EXAMPLE 6: Consortia Growth Assays

[00072] The following was performed to assay co-culture attributes for strains of C. pseudodiptheriticum. First, a direct co-culture of C. pseudodiptheriticum strains ATCC 10700 and JCM 1320 was performed. Both C. pseudodiptheriticum strains were spotted in close proximity at the same time on a Columbia 1% Tween agar plate: four spottings of ATCC 10700 on the left, and for spottings of JCM 1320 on the right. An image capture was taken after 24 hours from spotting, as shown in FIG. 5. As can be seen in FIG. 5, the cultures do not display features of antagonism between the different strains. This is an unexpected result, as co-culturing of C. pseudodiptheriticum clinical isolates has not been reported to date.

[00073] Second, a direct co-culture of C. pseudodiptheriticum strain ATCC 10700 or JCM 1320, and D. pigrum was performed. An image capture was taken after 24 hours from spotting, as shown in FIG. 6. Referring to FIG. 6, on the left is a column after two spottings of ATCC 10700 and just to the right of that is a column after two spottings of D. pigrum. On the right of the image is a column after two spottings of D. pigrum and just to the right of that is a column after two spottings of JCM 1320. As can be seen in FIG. 6, the cultures do not display features of antagonism between the different strains.

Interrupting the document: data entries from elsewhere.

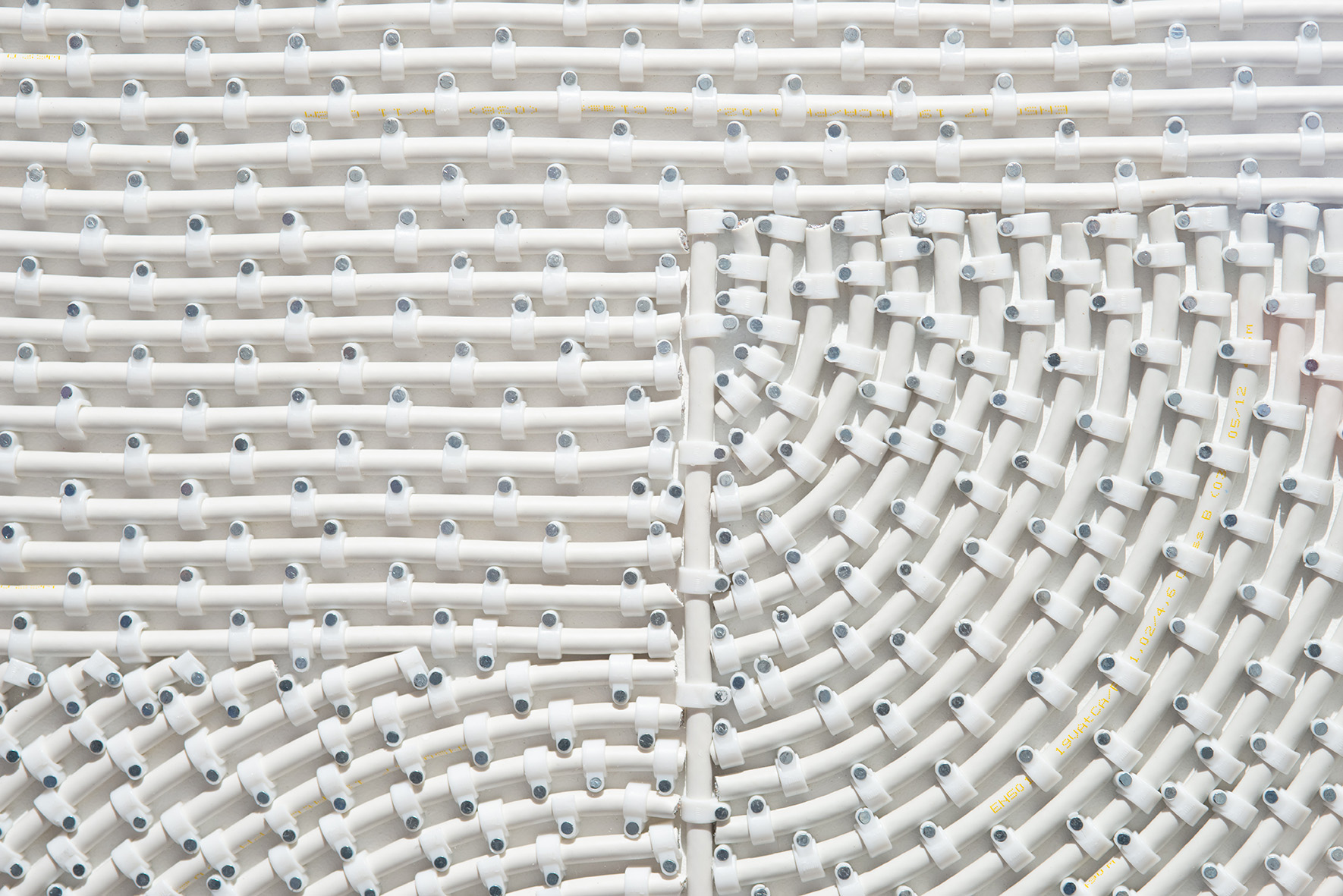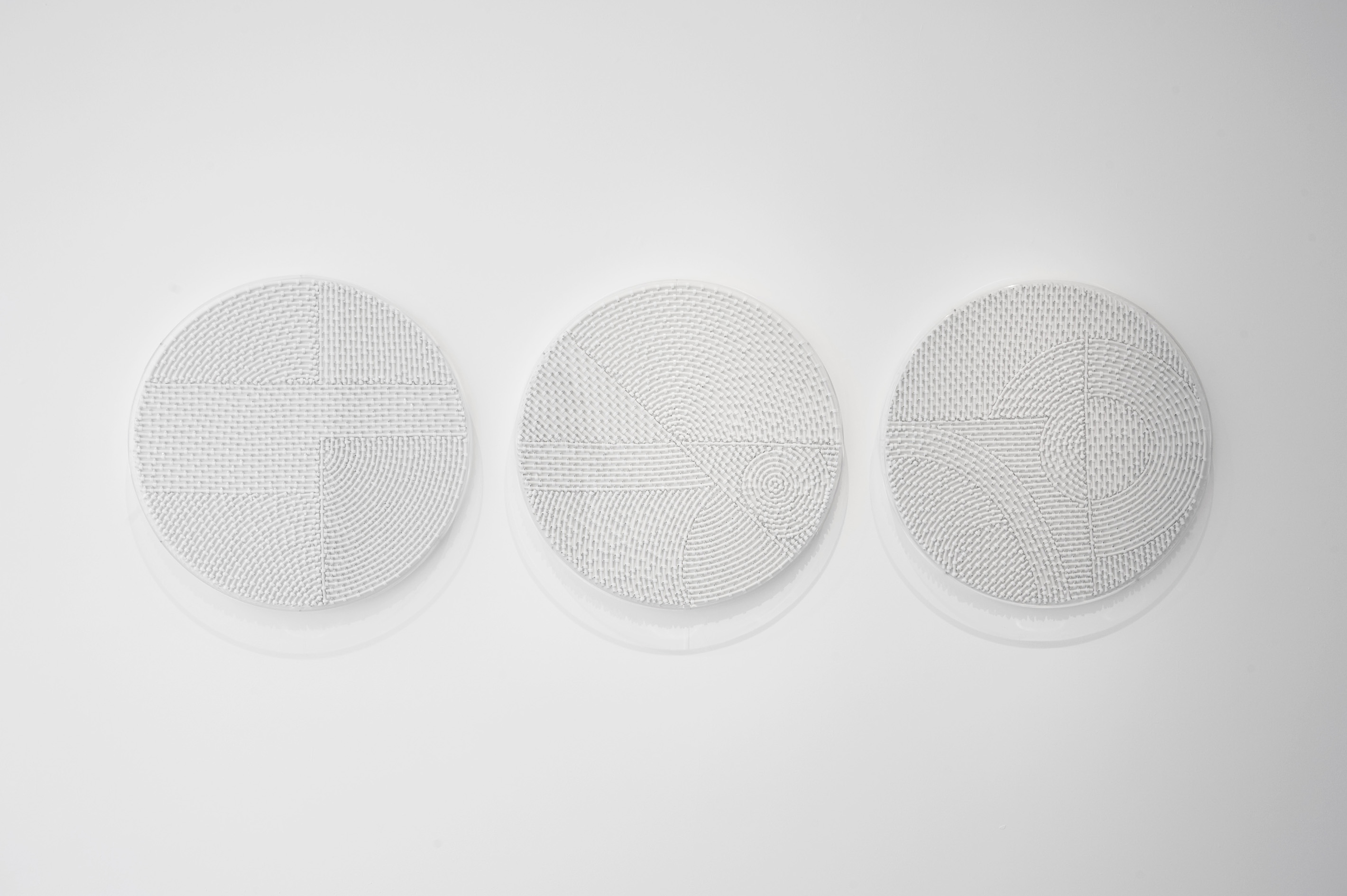 Circles, with their immaculately pure whiteness, their associations with various shapes, the tensions between lines and curves and the revelation and occultation of figures, attract the viewer’s gaze as much as they raise questions. The Circles series is made using white antenna cables – a frequent material in Mounir Fatmi’s work since 1998 – arranged in geometric motifs and attached to circular white boards with rounded tacks. The compositions obtained in this way are sometimes superimposed with another white round panel made of Plexiglas, cut out in certain places, letting the coaxial cables appear.
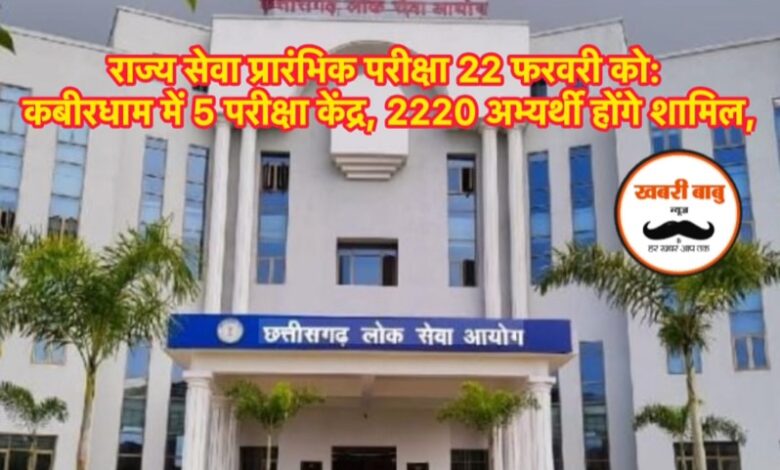राज्य सेवा प्रारंभिक परीक्षा 22 फरवरी को: कबीरधाम में 5 परीक्षा केंद्र, 2220 अभ्यर्थी होंगे शामिल परीक्षा से 2 घंटे पहले पहुंचना अनिवार्य, सख्त दिशा-निर्देश जारी,पढ़े पूरा समाचार…?
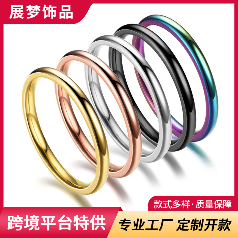 Cross-border Titanium Steel 2mm Ring Women's Korean Niche Ring Internet Celebrant Hot Selling European and American Stainless Steel Couple Ring
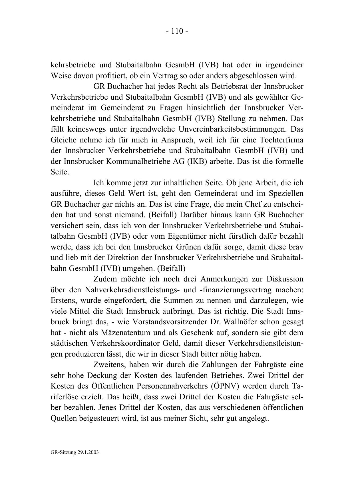 Verkehrsbetriebe und Stubaitalbahn GesmbH (IVB) und als gewählter Gemeinderat im Gemeinderat zu Fragen hinsichtlich der Innsbrucker Verkehrsbetriebe und Stubaitalbahn GesmbH (IVB) Stellung zu nehmen. Das
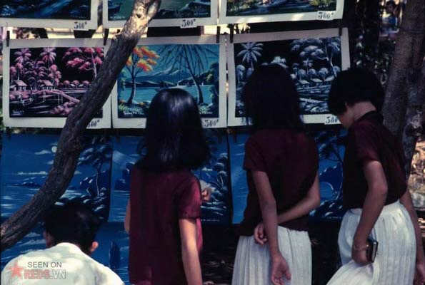 Tháng 12/1968. Các cô gái ngắm những bức tranh được bày bán trong Thảo Cầm Viên.
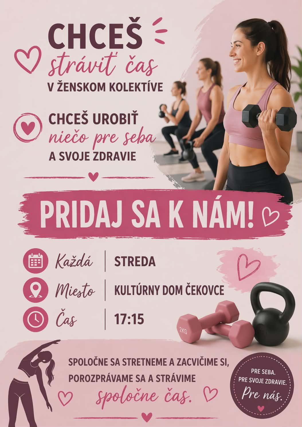 Milé ženy, žienky, dievčatá, pridajte sa k nám, každá streda o 17:15 hod.
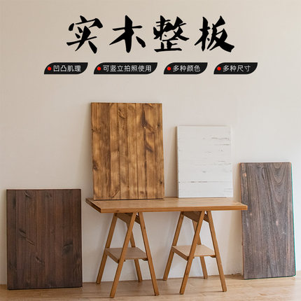 整板实木板白色复古做旧木板黑色无缝板子拍照道具美食摄影背景板
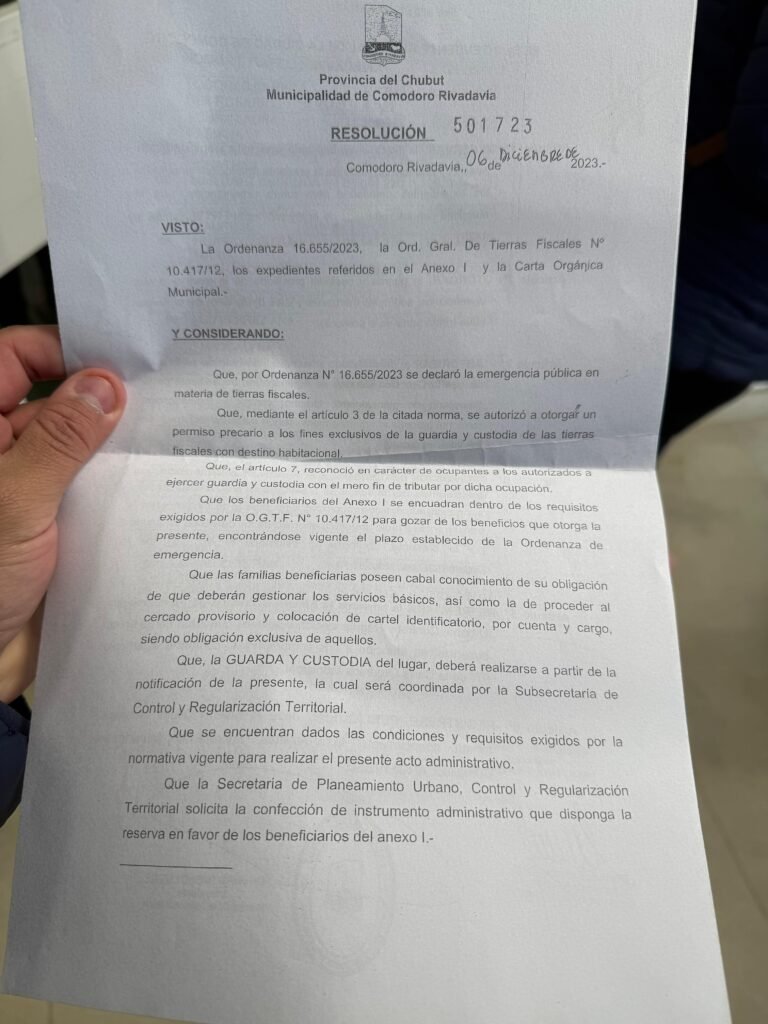 Son alrededor de 360 familias de la etapa 2 y 3 que recibieron la resolución de entrega los lotes el 6 de diciembre del 2023 por parte del entonces intendente Juan Pablo Luque.
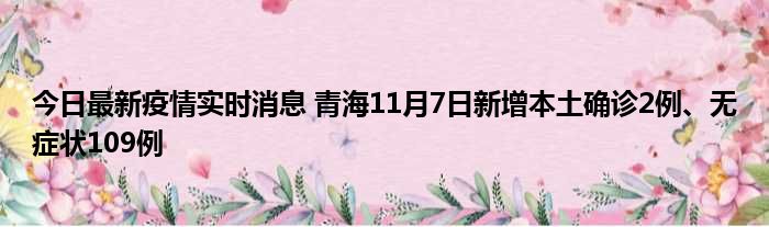 今日最新疫情实时消息 青海11月7日新增本土确诊2例、无症状109例

[00074] While some embodiments of the present invention have been shown and described herein, it will be obvious to those skilled in the art that such embodiments are provided by way of example only. Numerous variations, changes, and substitutions will now occur to those skilled in the art without departing from the invention. It should be understood that various alternatives to the embodiments of the invention described herein may be employed in practicing the invention. It is intended that the following claims define the scope of the invention and that methods and structures within the scope of these claims and their equivalents be covered thereby.